Wishing you a winter filled with warmth and light.

Susie

So. We haven’t had any contact since (that was in December), and I couldn’t even decide whether to blog about it. My plan right now is to leave her alone until her birthday in July, and at that point mail her a card and a scarf that I’ve knitted and then leave her alone some more and see. I still feel okay about how I handled things this summer, and I know that there is a pattern in her life of relationships ending and her feeling betrayed either by that or by the circumstances leading up to that; I don’t expect that she’ll want to be in contact again in the future, and I think that that’s too bad, but I am mostly at peace with it. But I want to send a peace offering after a respectable period of time has passed.

“This Is Ocean”

Skype was great!

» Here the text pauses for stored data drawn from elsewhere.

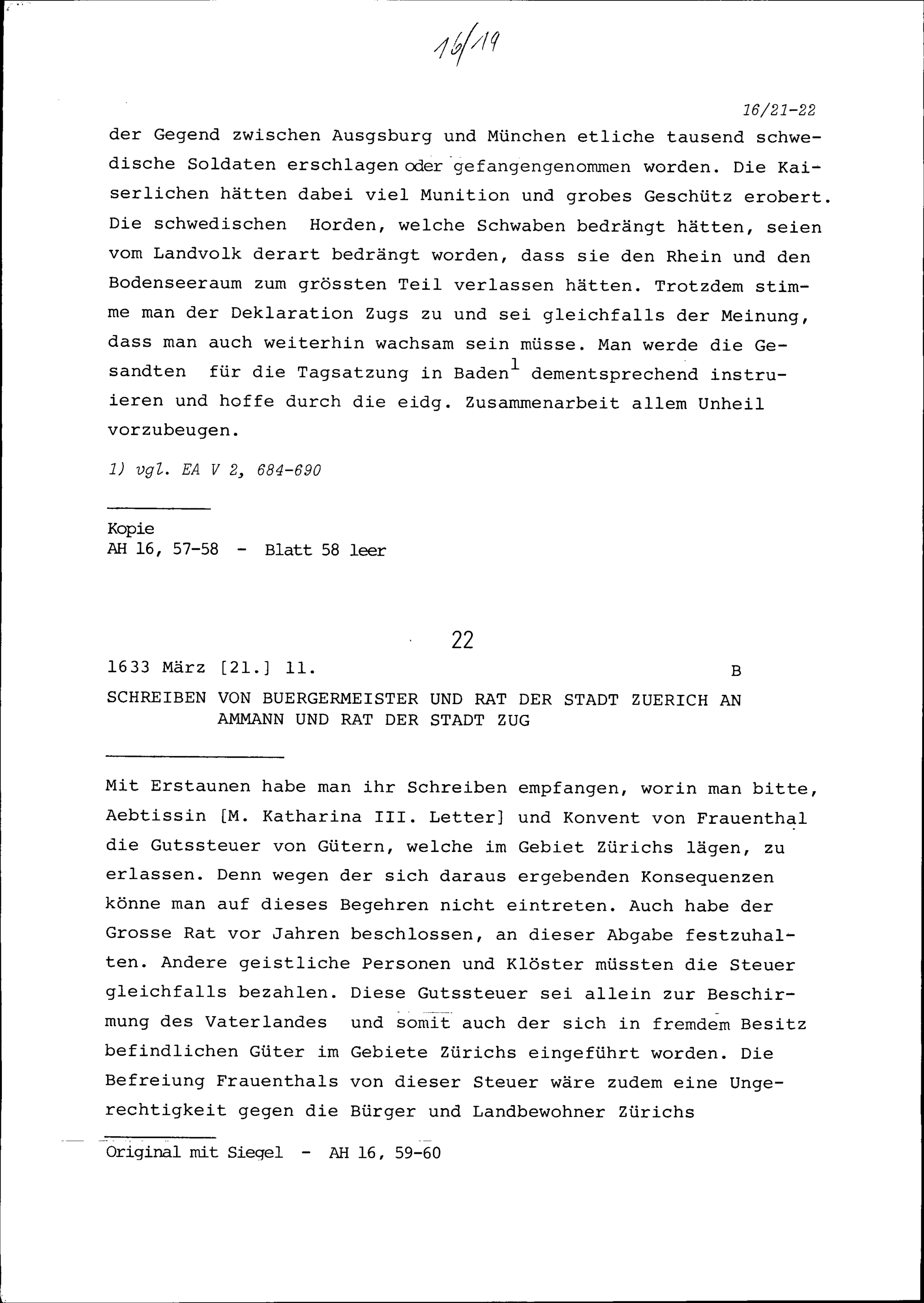 Schreiben des Bürgermeisters und Rats der Stadt Zürich an Ammann und Rat der Stadt...
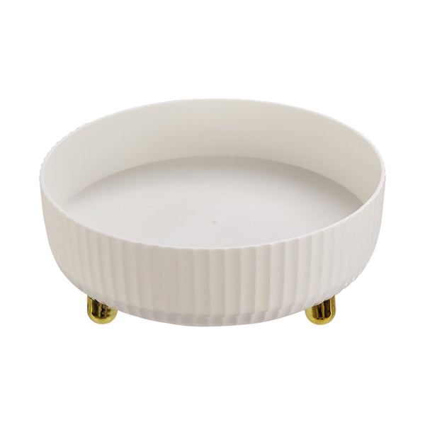 textured surface adds a modern and aesthetic sense antislip gold feet allow the organizer to stand stably plastic made resistant to water and stains and easy to clean 360 degree rotating base with a large capacity suitable for storing cosmetics snacks fruits sundries etc specifications overall dimension 28cm dia x 10cm h type serving overall shape round material hipsabs finish pearl white package content 1 x rotating round spice rack package specifications package dimensions wxdxh 30 x 30 x 11cm gross weight 064kg
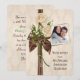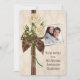 Elfenbensfärgad rosenbukett med pärlor på damastbakgrund och personlig foto för hedrade paret.
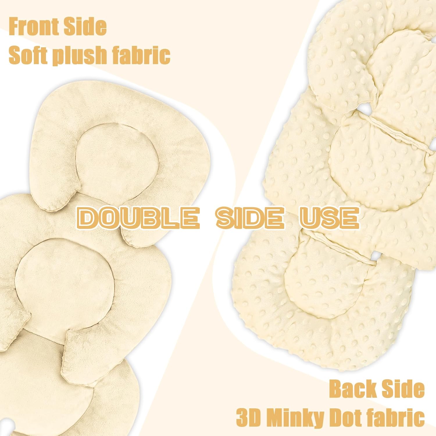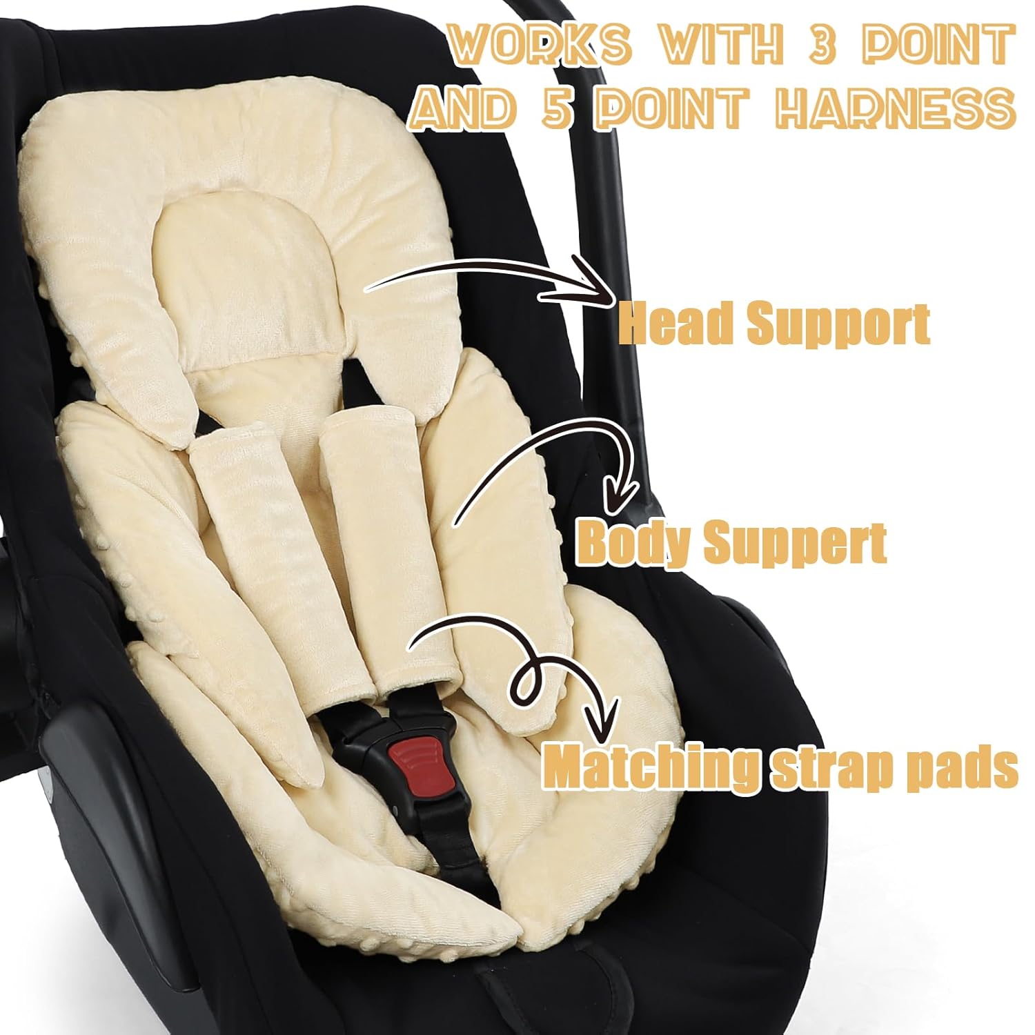 GFU Infant Car Seat Insert Head and Body Support, Reversible Newborn Insert for Carseat with Strap Pads, Soft Stroller Cushion Pillow Insert for Boys and Girls, Fits for Stroller, Swing, Beige
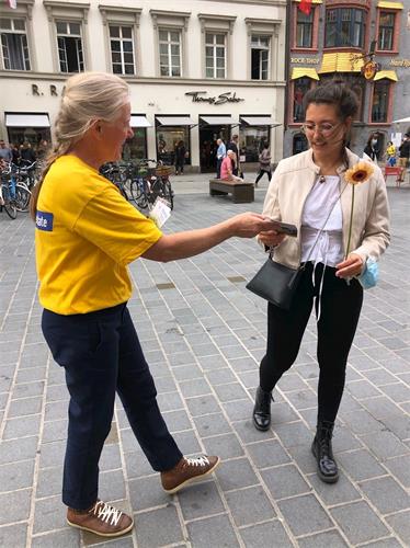 一位来自法国的男士携家人来奥地利旅游。他在征签表上签完名后又折返,因为他想更多了解法轮大法的修炼标准。他很感激能够了解更多相关信息。
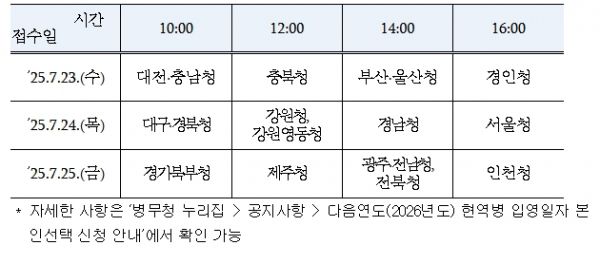 지역별로 접수 일정이 다르고, 선착순 마감되므로 사전에 병무청 누리집 공지사항을 확인하여 본인의 관할 지방병무청과 접수일시, 유의사항을 미리 알아두어야 한다.

I was nervous going in—I hadn’t seen Cricket move or speak in a year—and he looks so exactly like a four-year-old version of my husband with my mouth. (I like my lips, and am pleased to have passed them along.) He talked about scuba diving, and showed us both the signs that he’d learned in preschool (like <I’m running out of air> and <I’m going up!>) and some that he had made up—like <octopus>, which looked a lot like the ASL for <butterfly.> And <ocean>, which Nora thought that he had made up, but which actually looks like ASL. He’s a sweet, chatty kid, and he showed me his LEGO with a great deal of enthusiasm. Kit played peekaboo with Cricket and Nora—he likes to hide and pop out while you say things like “Where’s Kit? . . . There he is!!” So they covered their asked, wondered aloud where he had gone, and then uncovered their eyes and said “Peekaboo!” and after a couple rounds of that, Kit started hiding when they covered their eyes and popping out when they said peekaboo. It was adorable. Joey was interested until he saw that his Daddy wasn’t on the monitor—after that, I kept him around with yogurt drops.

At the end, Nora said “Let’s decide to do this for sure once a month—and try to do it every couple of weeks.” So much more than I expected; I’m delighted.